Non-buoyant Regime

What about cases where not enough air is entrained into the column? What happens when a column collapses?

A simple analogy is what happens when one stands in the backyard with a garden hose pointed up -- the hose fountains. In the case of a volcanic eruption, the volcano "fountains." but instead of sedning streams of water down the sides of the mountain, clouds of hot rock and gas, pyroclastic density currents (PDC's), are shed instead.

These currents can travel at speeds exceeding 50 m/s (Burgisser and Bergantz, 2002), and present substantial hazard to life and property. Though PDC's can be generated by dome collapse as well as column collaspe, this page will only discuss the latter. However, the discussion below is broadly applicable to either method of formation.

Surges versus Flows

PDC's can broadly be classified into two groups, pyroclastic surges and pyroclastic flows. The former are comprised of dense granular flow at the base and dilute flow at the top, whereas the latter are entirely dilute. Additionally, flows tend to follow topographic lows, such as valleys, whereas surges can go virtually anywhere -- in an eruption of Fisher Caldera, in the Aleutian arc, surges overtopped a 1500 m mountain range north of the caldera (Gardner, personal communication).

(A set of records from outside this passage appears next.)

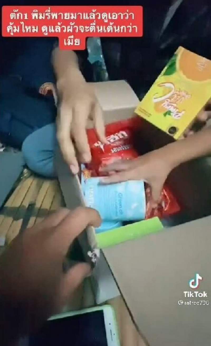 น.ส.ออย กล่าวว่า ตนอุดหนุนตัก 1 ของพิมรี่พายในราคา 500 บาท เพราะเห็นว่าดูน่าสนุกและเห็นในไลฟ์สดหลายคนก็ได้มือถือได้แหวนทองก็เลยลองเสี่ยงดวงดู เมื่อสินค้ามาส่งปรากฏว่าตนได้พริกทอด ก๋วยจับญวน ไฟเบอร์ วิตามิน คัตเตอร์บัต 2 กระปุก และแผ่นทอง พอเห็นเป็นซองทองก็รู้สึกดีใจเพราะตอนแรกคิดว่าน่าจะเป็นแหวนทอง แต่เปิดออกมาแล้วได้เป็นแผ่นทองเท่านั้น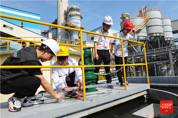 福建省福鼎市纪委监委建立“1+X”监督机制,联合职能部门深入辖区企业,对企业环保情况开展监督检查,做深做实“嵌入式”监督,为打好“三大攻坚战”提供坚强的纪律保障。图为该市龙安开发区纪检监察干部在辖区企业走访,了解企业污水治理情况。(福建省福鼎市纪委监委 陈是 摄)
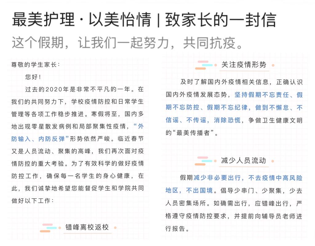 全程管理,落实防控措施。疫情出现反扑后,辅导员迅速摸排全体本科生、研究生的信息,准确梳理各类数据,制定“一人一档”离校学生信息表,确保离校学生底数清,返家行程可追踪。全体辅导员始终保持高度的责任心和使命感,确保相关要求通知到每一名同学。为提升学生居家学习效率,万象城awcsport官网在《致家长一封信》中邀请家长一起引导学生居家学习,健康生活。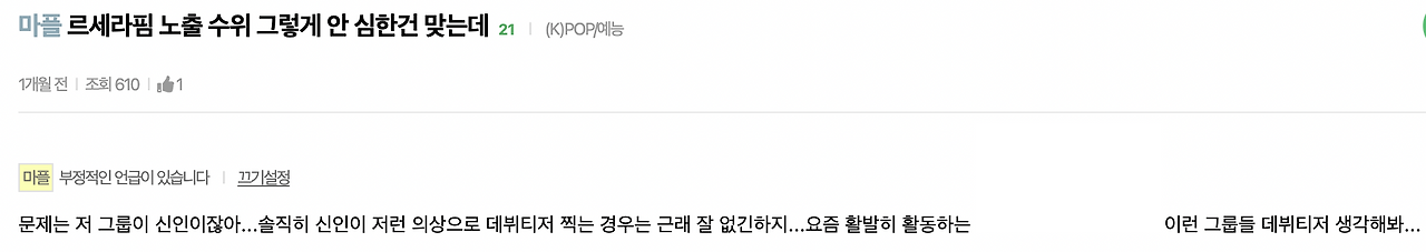 우리는 해당 콘텐츠의 제목과 상통하는 ‘두려움이 없는 당당한 여성’이라는 메시지를 전달받지 못하고 있다. 아이돌 산업에서 고질적인 문제로 자리잡고 있는 ‘섹시 컨셉’을 곡에 어울리지 않게, 심지어 미성년자에게 적용했기에 하이브와 쏘스뮤직에 비판의 화살이 쏟아졌다고 생각한다. 이들을 브랜딩하고 있는 콘텐츠 속에 성적 대상화가 의도되었는지를 떠나서 국내/외 대다수의 KPOP 팬덤은 섹시 컨셉으로 인한 성적 대상화 이슈에 상당히 민감하게 반응한다. 따라서 기획자 입장에서는 이를 유념하고 기획할 필요가 있다.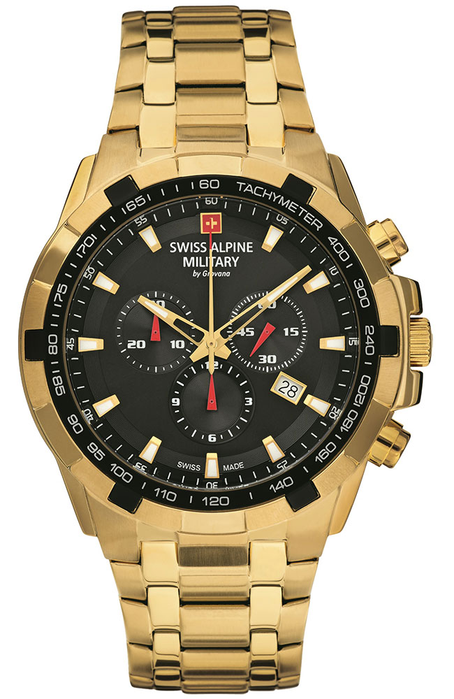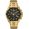 Ανδρικό ρολόι χρονογράφος Swiss Alpine Military από επιχρυσωμένο ανοξείδωτο ατσάλι με μαύρο καντράν και χρυσό μπρασελέ.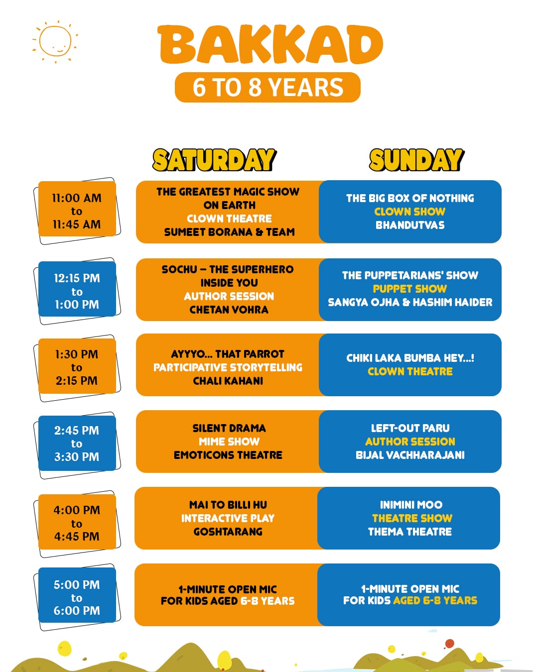 Artists use puppets and voice modulation techniques to entertain the young audience.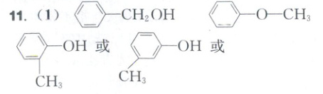 11. A、B、C三种物质的分子式都是$C_7H_8O$,若滴入$FeCl_3$溶液,只有C呈紫色;若投入金属钠,只有B没有变化。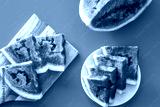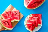 Cut watermelon for break with fruit on blue background top view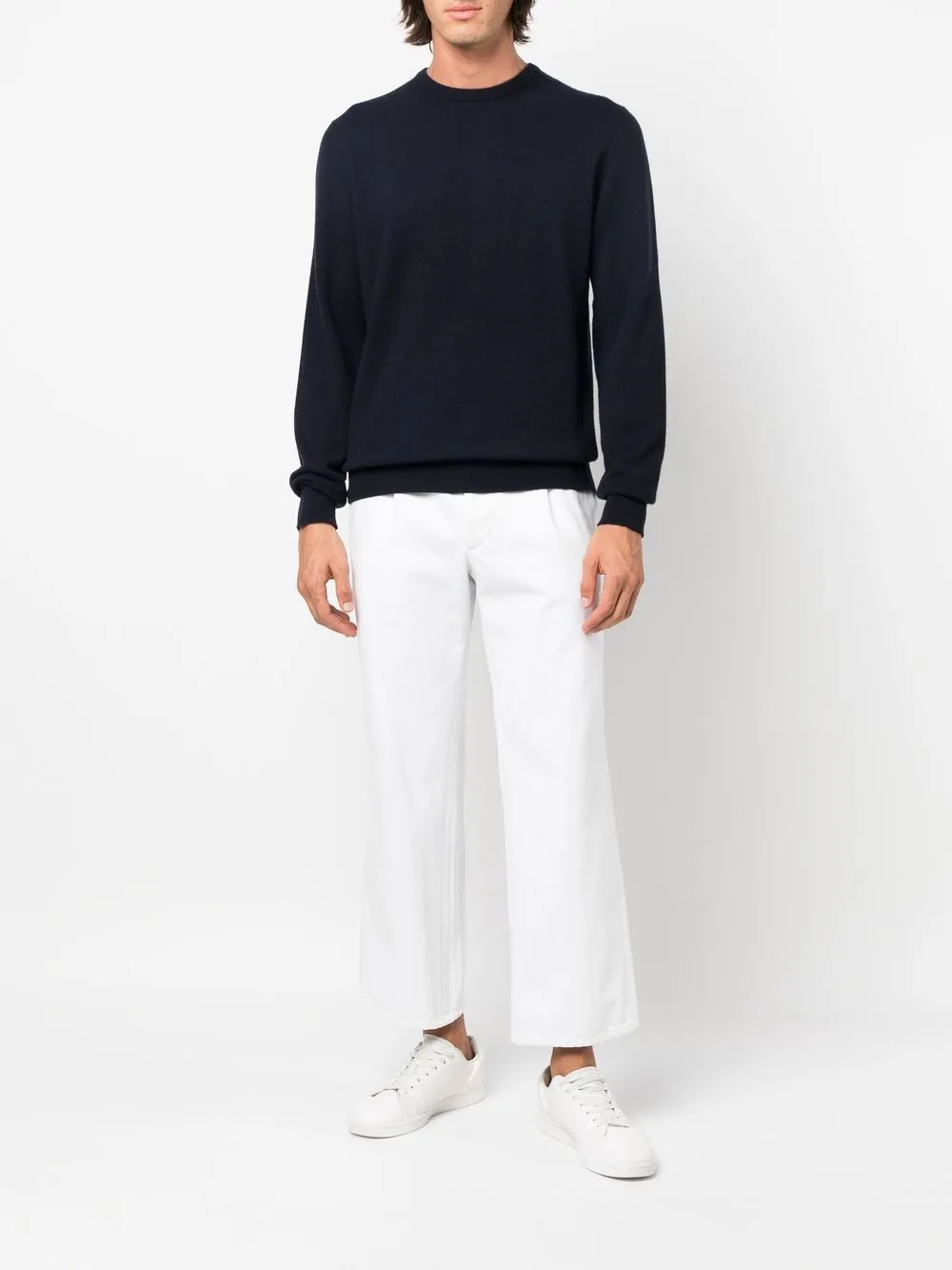 Темно-синий, кашемир, тонкая вязка, круглый вырез, длинные рукава и прямой подол.

Pyroclastic flows have produced extensive deposits in volcanic regions. In many polaces flows can form deposits 100's of meters thick, such as at Katmai, where up to 300 m of flow deposits are present near the Novarupta dome.

These deposits can be recognized in the field by their lack of internal stratification and poor sorting. Both of these characteristics indicate that PF's are highly turbulent flows lacking a high degree of internal structure.

Pyroclastic surges are far more dilute than PF's and behave quite differently. Where flows lack internal structure and deposit massive units, surges can be well sorted and often deposit finely laminated beds or even anti-dune beds, indicative of deposition from a very high speed, low concentration flow.

It should, however, be noted that surges often occur as valley-overtopping portions of pyroclastic flows.

Surges can also, and often do, elutriate a coignimbrite plume off their tops. this plume behaves very similar to plumes discussed earlier, however, instead of having a single virtually-point source, the plume is sourced from the length of the surge.

Competer simulation of a collapsing volcanic column and the associated generation of a coignimbrite plume, from Dobran et al., 1993. The left-most column shows particle fraction, the center column shows gas temperature, and the right-most column shows the mixture density.

Cartoon from Fujii and Nakada (1999) showing a model for coignimbrite plume generation and also how flows may segregate a valley-overtopping surge.